Segment Start: Given data

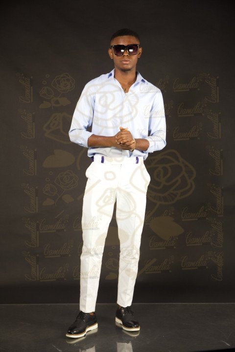 Petit garçon bébé africain mignon élégant chemise blanche pantalon bleu paire noire
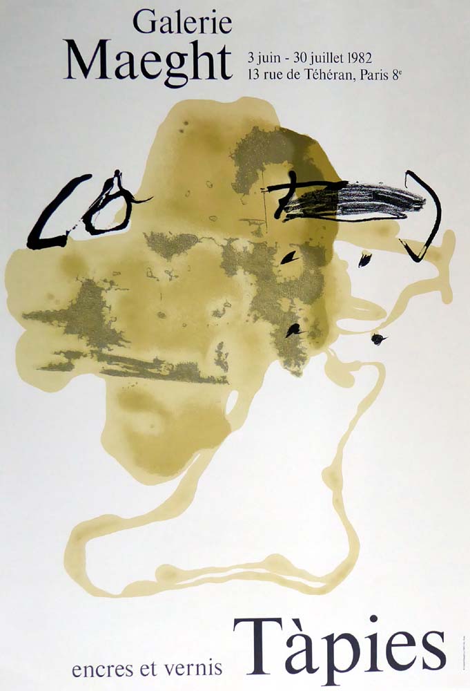 Tapies, Antonio: encres et vernis. [Plakat / Poster] Galerie Maeght, Paris, 3 juin-30 juillet 1982. Paris. Galerie Maeght. 1982. 87,5 x 60 cm. Gutes bis sehr gutes Exemplar. Offset-Lithographie.
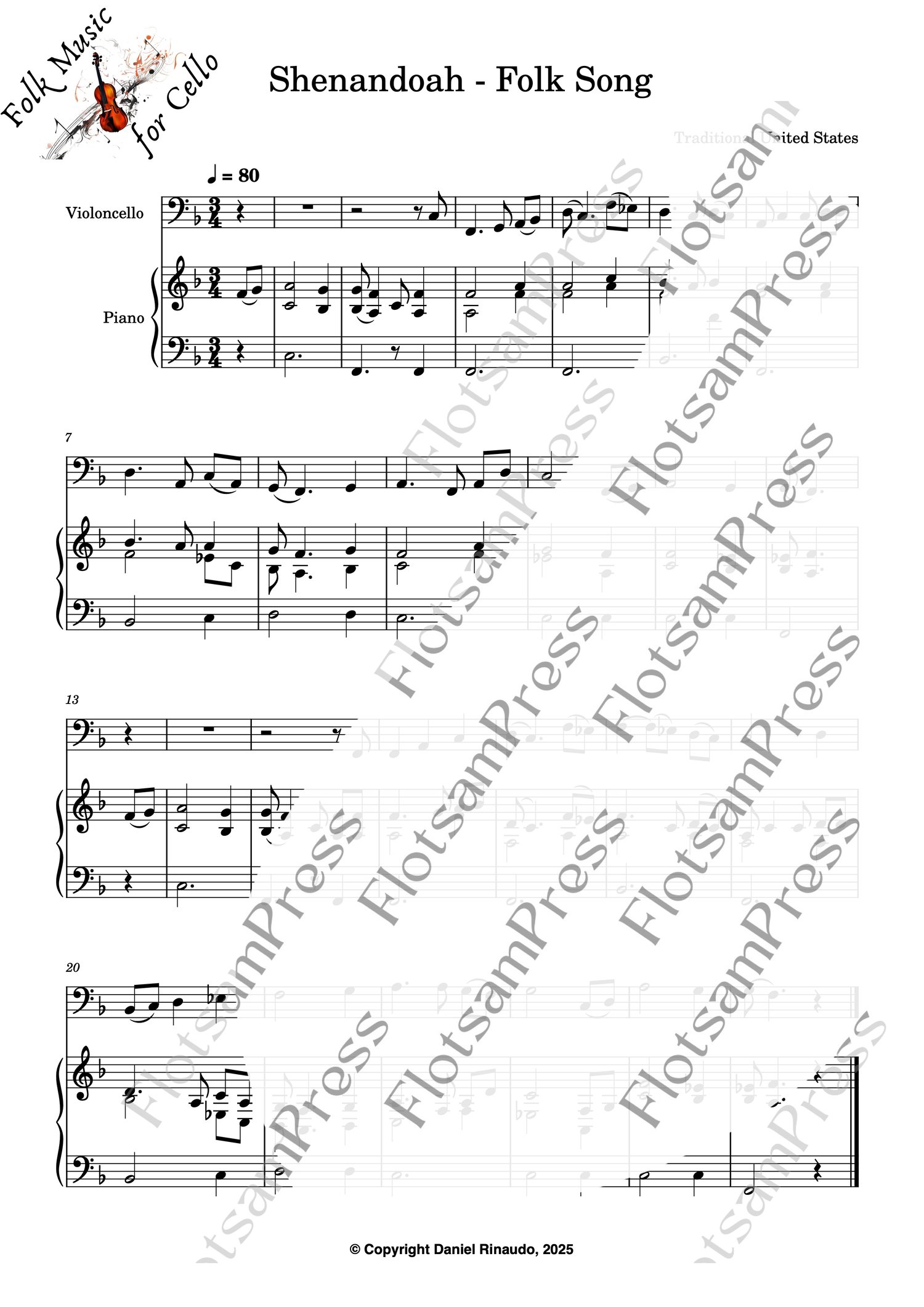 This arrangement of Shenandoah is written for beginner to lower-intermediate cello players, with a simple and supportive piano accompaniment. Perfect for church services, lessons, or home practice.

Segment End: Given data

What to do: Retype the whole of the data verbatim. Skip every picture.

Solution to the exercise:
 Petit garçon bébé africain mignon élégant chemise blanche pantalon bleu paire noire
 Tapies, Antonio: encres et vernis. [Plakat / Poster] Galerie Maeght, Paris, 3 juin-30 juillet 1982. Paris. Galerie Maeght. 1982. 87,5 x 60 cm. Gutes bis sehr gutes Exemplar. Offset-Lithographie.
 This arrangement of Shenandoah is written for beginner to lower-intermediate cello players, with a simple and supportive piano accompaniment. Perfect for church services, lessons, or home practice.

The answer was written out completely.